Шрифт:
Закладка:
Ошибочность обоих этих крайних колебаний заключается прежде всего в половинчатости представлений о сущности новаторства. В первом случае в постулат возводилось, и правильно, социалистическое, идейно-воспитательное содержание, однако это осуществлялось с применением вульгарного «льготного тарифа» в отношении художественных «достоинств» и с явным недоверием к формам, выходившим за рамки традиционных эстетических «нормативов». Во втором случае новаторством провозглашались не только смелость или даже крайности в области формы, но также, а может быть, и прежде всего, чуждое нам и не новое по существу, несоциалистическое и антисоциалистическое идейное, философское, общественное содержание.
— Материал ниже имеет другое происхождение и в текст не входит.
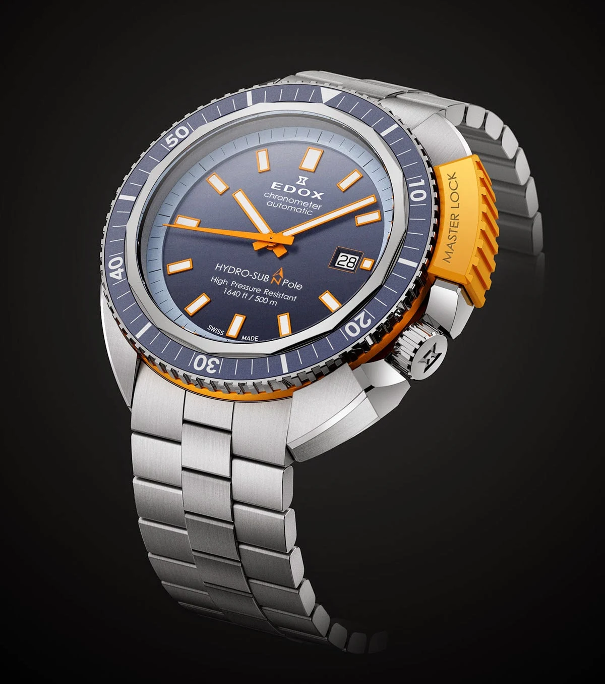 Edox Hydro Sub Automatic Date. In 2014 Edox introduced the new Hydro Sub Automatic Date whose design was inspired by the 1965 model with the integration of the new, distinctive "Master Lock" crown protector system. The Hydro Sub Automatic Date has a Swiss retail price of Swiss Francs 1,490. The price of the North Pole Mission Limited Edition is Swiss Francs 2,490. Hydro Sub North Pole Mission Limited Edition Ref. 80201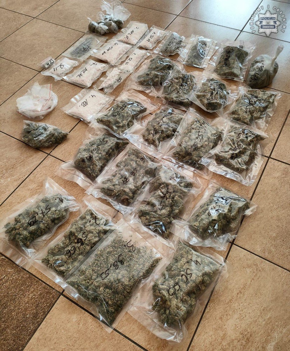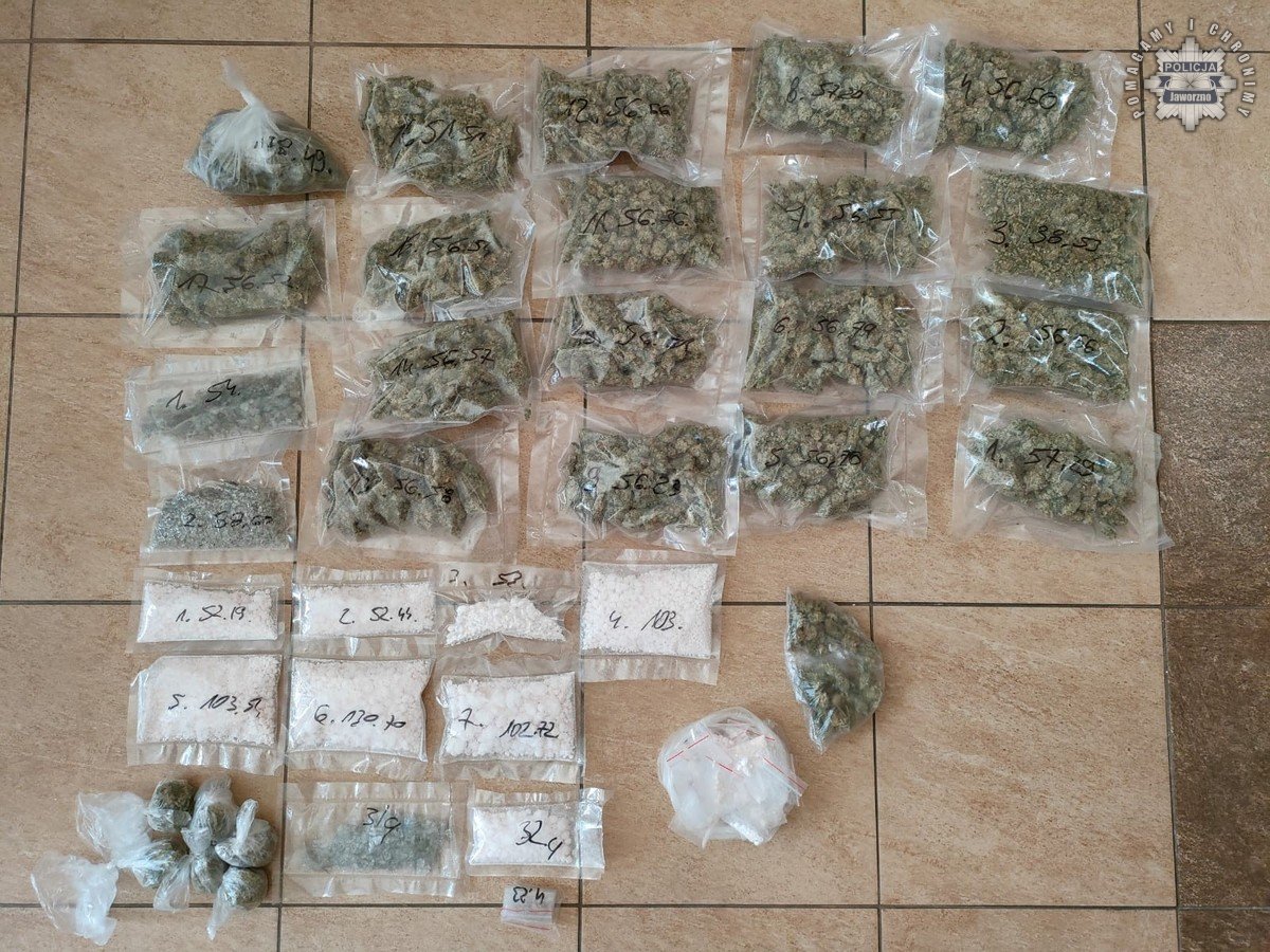 Policjanci wobec 23-latka podjęli czynności i wspólnie z nim udali się do jego miejsca zamieszkania, gdzie ujawnili i zabezpieczyli substancje zabronione w postaci foliowych zawiniątek z suszem roślinnym, białą substancją, woreczków strunowych z krystaliczną substancją oraz gotówkę w kwocie 5400 złotych. Wstępnie wykonane testy potwierdziły, że była to amfetamina, marihuana oraz mefedron. Substancje trafią do laboratorium kryminalistycznego i poddane zostaną badaniom.

И то и другое нарушило на ряд лет условия надлежащего развития нашего современного театра. Ни схематические «производственники», ни философический язык Камю и Ионеско не могут обозначить пути этого развития, если мы хотим иметь общественно и культурно активный театр в стране, строящей социализм. Такой театр в своем главном направлении, рядом с которым найдется место и для других человеческих волнений, должен быть трибуналом и трибуной для общественно ангажированных деятелей творческого труда: он должен оценивать нашу современную жизнь и давать широкий выход прогрессивным мыслям нашего века, показывать человека в историческом процессе, питать и укреплять его веру в возможности сознательной перестройки мира, в эффективность коллективных усилий. Он должен быть театром новаторским в тематике и проблемах и в то же время театром смелым в поисках присущих ему средств и умеющим донести все это до зрителя наиболее впечатляющим и стимулирующим способом.
Культурная политика нашей партии, исходящая из принципов, сформулированных в резолюции III съезда, создает все возможности для формирования именно такого, социалистического театра. Эта политика, «освобожденная от догматических ошибок, обеспечивает людям творческого труда все возможности творческого развития, материальную помощь государства, свободу художественных поисков без административного вмешательства в творческий процесс».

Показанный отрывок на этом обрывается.